Session 1: Petroleum Systems in the Middle East
The definition of a petroleum system can vary, but it is generally defined as the concept which unifies the various constituent physical geological components and processes required to generate and form a hydrocarbon accumulation. The essential components consist of one or more source rocks, reservoirs, seals or cap rock and overburden rock. The essential processes are the formation of one or more traps and the generation, migration and accumulation of hydrocarbons. In order for a petroleum system to be successful, these essential components and processes must also be correctly placed spatially and temporally, relative to each other. Different petroleum systems are found to operate on very different scales. Some systems may be very small, too small for a commercial application, but others result in hugely prolific systems, which are responsible for accommodating billions of cubic meters of hydrocarbon within.
The study of petroleum systems has evolved and become widespread over the last 20 to 30 years and is now an integral part of petroleum geology.

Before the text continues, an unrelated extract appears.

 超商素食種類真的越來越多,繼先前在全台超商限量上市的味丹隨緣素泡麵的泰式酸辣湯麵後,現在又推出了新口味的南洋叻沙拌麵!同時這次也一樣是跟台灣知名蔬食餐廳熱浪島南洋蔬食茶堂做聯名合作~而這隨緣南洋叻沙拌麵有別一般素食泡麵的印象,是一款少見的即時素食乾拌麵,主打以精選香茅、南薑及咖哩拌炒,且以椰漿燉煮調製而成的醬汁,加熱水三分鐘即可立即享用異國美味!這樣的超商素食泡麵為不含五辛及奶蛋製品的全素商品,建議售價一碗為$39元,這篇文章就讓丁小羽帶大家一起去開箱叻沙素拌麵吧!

Its application is particularly important in exploration for oil and gas fields whether this is in an established petroleum province or in frontier basins. In fact, the principal focus of many exploration campaigns is upon understanding and reducing the risk associated with each element of the petroleum system, prior to the drilling of any exploration wells. An exploration well drilled into a target within a petroleum system where all of the constituent parts are well understood and documented, will be associated with significantly lower risk compared to a well drilled into a target with poorly understood or undefined elements of the petroleum system.

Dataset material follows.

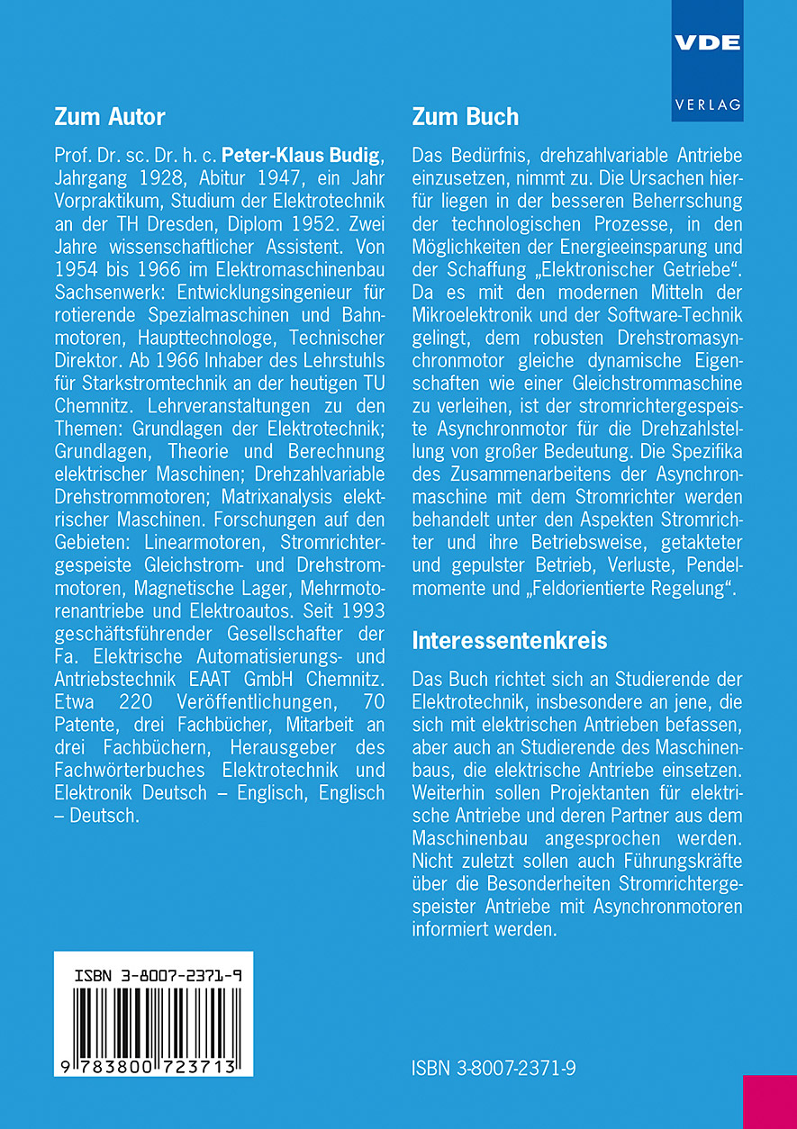 Prof. Dr. sc. Dr. h. c. Peter-Klaus Budig, Jahrgang 1928, Abitur 1947, ein Jahr Vorpraktikum, Studium der Elektrotechnik an der TH Dresden, Diplom 1952. Zwei Jahre wissenschaftlicher Assistent. Von 1954 bis 1966 im Elektromaschinenbau Sachsenwerk: Entwicklungsingenieur für rotierende Spezialmaschinen und Bahnmotoren, Haupttechnologe, Technischer Direktor. Ab 1966 Inhaber des Lehrstuhls für Starkstromtechnik an der heutigen TU Chemnitz. Seit 1993 geschäftsführender Gesellschafter der Fa. Elektrische Automatisierungs- und Antriebstechnik EAAT GmbH Chemnitz. Etwa 220 Veröffentlichungen, 70 Patente, drei Fachbücher.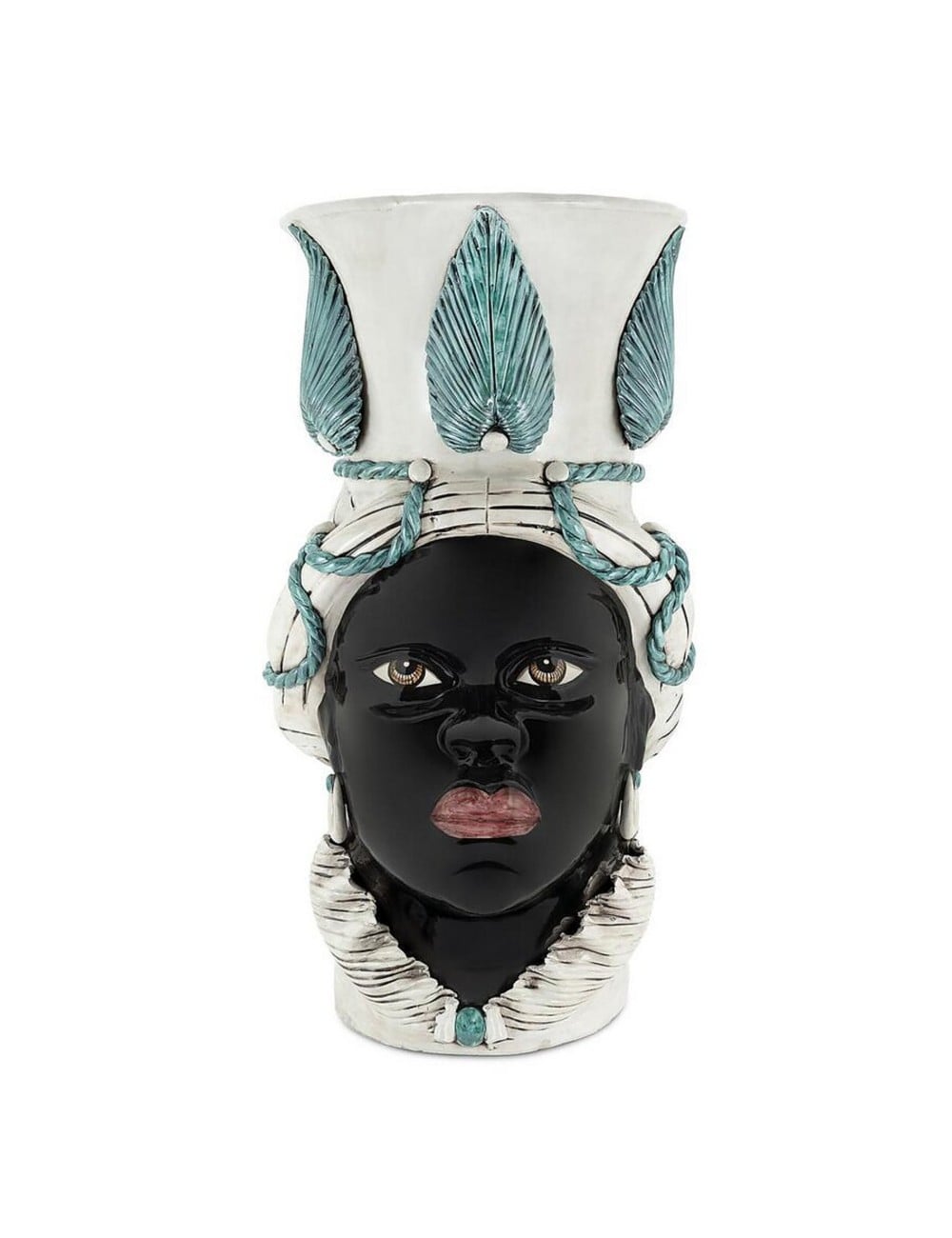 Sicilian traditional moor-head shaped ceramic vase, totally hand made and hand painted by the original artisanal producer from Caltagirone - Sicily, restyled and exclusively distributed by Abhika.

The intention of the opening session is to introduce some of the petroleum systems of the Middle East. The introductions should include descriptions of key components of different systems in order for the audience to gain or complement existing understanding of petroleum systems.
Session 2: Source Rocks
Source rocks are composed of organic content-rich sedimentary rocks deposited in various depositional environments (including marine, lacustrine, and deltaic) that either have generated or could potentially generate hydrocarbons depending on their richness, quality and thermal maturity.
The sedimentary basins of the Middle East contain a variety of conventional and unconventional hydrocarbon resources. The source rocks, from which these resources are derived, are spread throughout multiple stratigraphic formations. Most of the source rocks in the Middle East belong to the Mesozoic, Paleozoic, and Proterozoic eras, with the Early Cambrian, Silurian, Upper Jurassic, and Mid Cretaceous periods being the most important source rock intervals. Subsurface and outcrop data provide a unique insight into the characteristics of these source rocks.
This session aims to provide insights into source rock analysis in the Middle East to support exploration, appraisal, and subsequent development activities. The main topics that will be covered in this session will focus on various characteristics of source rocks, such as stratigraphy, depositional environments, source rock geochemistry, geomechanics, petrophysical evaluation, and source rock modelling techniques.
Session 3: Conventional and Unconventional Reservoirs
Siliciclastic and carbonate reservoir rocks, are critical elements within conventional petroleum systems. Previous studies have focused on describing and characterizing reservoir rocks in the subsurface and using outcrops as analogs. It is widely accepted that siliciclastic and carbonate reservoirs significantly differ in their depositional and post-depositional (diagenetic) processes. Hence, one needs to apply different strategies to better explore and exploit these reservoirs. In the Middle East, siliciclastic reservoirs dominate the Paleozoic era, while carbonate reservoirs are predominant from the Mesozoic to Cenozoic era. This provides a unique opportunity for researchers to present a novel approach in determining reservoir distribution, properties, quality, and heterogeneity by integrating traditional concepts and advanced technologies.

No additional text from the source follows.